Medicaid, mental illness, and violence


The current Washington Monthly reached my mailbox. It includes a cosmically brilliant article on ways to address violence by mentally-ill offenders.


Newtown was an atypical crime, committed by an atypical offender, using a murder weapon that I hope will be outlawed but that remains pretty atypical for gun homicides. Even though we may not be able to stop an event like Newtown from happening again, it seems to be moving public policy more than the routine smaller scale tragedies that we could more easily prevent…. 

It’s naive to believe that we could specifically identify someone such as Adam Lanza before he goes on a rampage, but improved policies could still prevent an unknown, maybe unknowable number of violent deaths. No one policy will dramatically reduce homicides, and the politics and administration of effective mental health policy are both daunting. But making these policies work would provide a fitting memorial to the victims of needless violence across America…. 

(Spoiler alert: Ensuring that low-income young men have access to mental health and substance abuse services, as is done under the Affordable Care Act’s Medicaid expansion, would help.)

Two things struck me as I wrote the piece.

  • First was the dilemma facing correctional officials who face so many mental health issues among the men and women placed into their charge. On any given day, the Cook County jail houses about 2,000 people with significant mental health problems. It is one of the largest de facto inpatient mental health facilities in America. Correctional officials desperately need better ways to address these issues, and better ways to serve offenders upon release from secure settings.  A huge proportion of these offenders are uninsured.
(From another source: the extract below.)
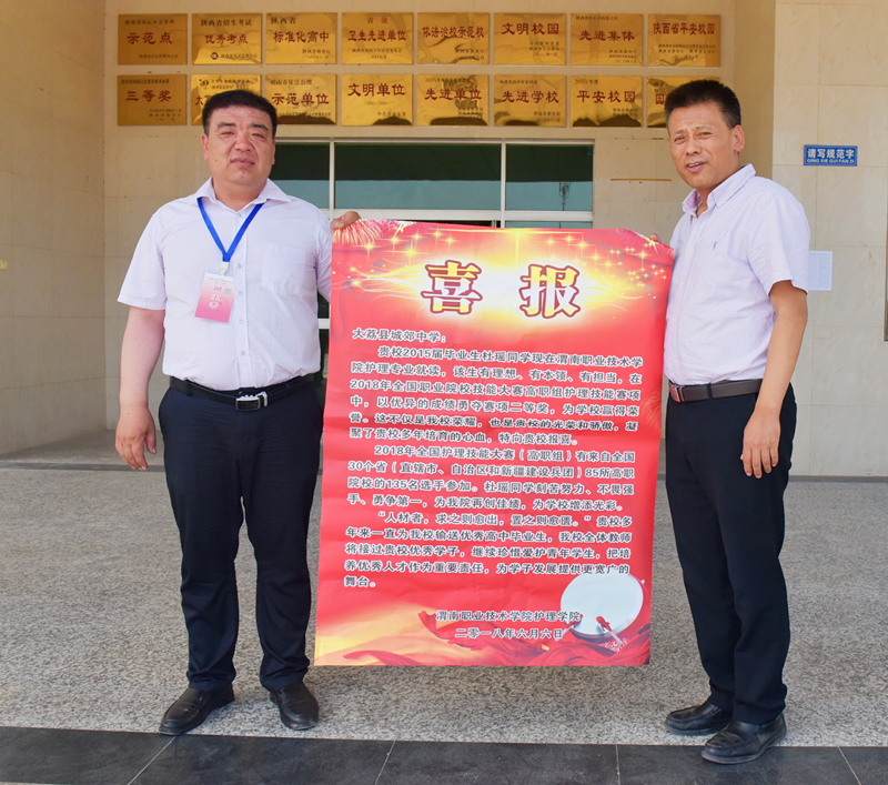 6月6日下午,公司领导班子的到来让大荔城郊中学、临潼中学、员工杜瑶和牟洋洋家热闹起来了。在母校师生、邻里乡亲羡慕的关注中,两所中学的领导及员工家长欣喜地接过公司党总支书记吴运胜、经理张文信手中的喜报,共庆两位员工在2018年全国职业技能大赛(高职组)护理技能赛项中喜获佳绩。

Virtually all will be Medicaid-eligible in 2014. I hope we can do better with this very challenging group.
  • Second was the ambivalence among mental health advocates regarding whether Medicaid should finance inpatient care at large mental hospitals–large being defined as more than sixteen beds. For reasons I briefly discuss, Medicaid’s “IMD exclusion” has long-barred such coverage. Good people on both sides deeply disagree about whether repeal of this provision would provide valuable new options, or whether this would merely provide new incentives to warehouse patients under difficult conditions. 

What do our readers think about this latter question?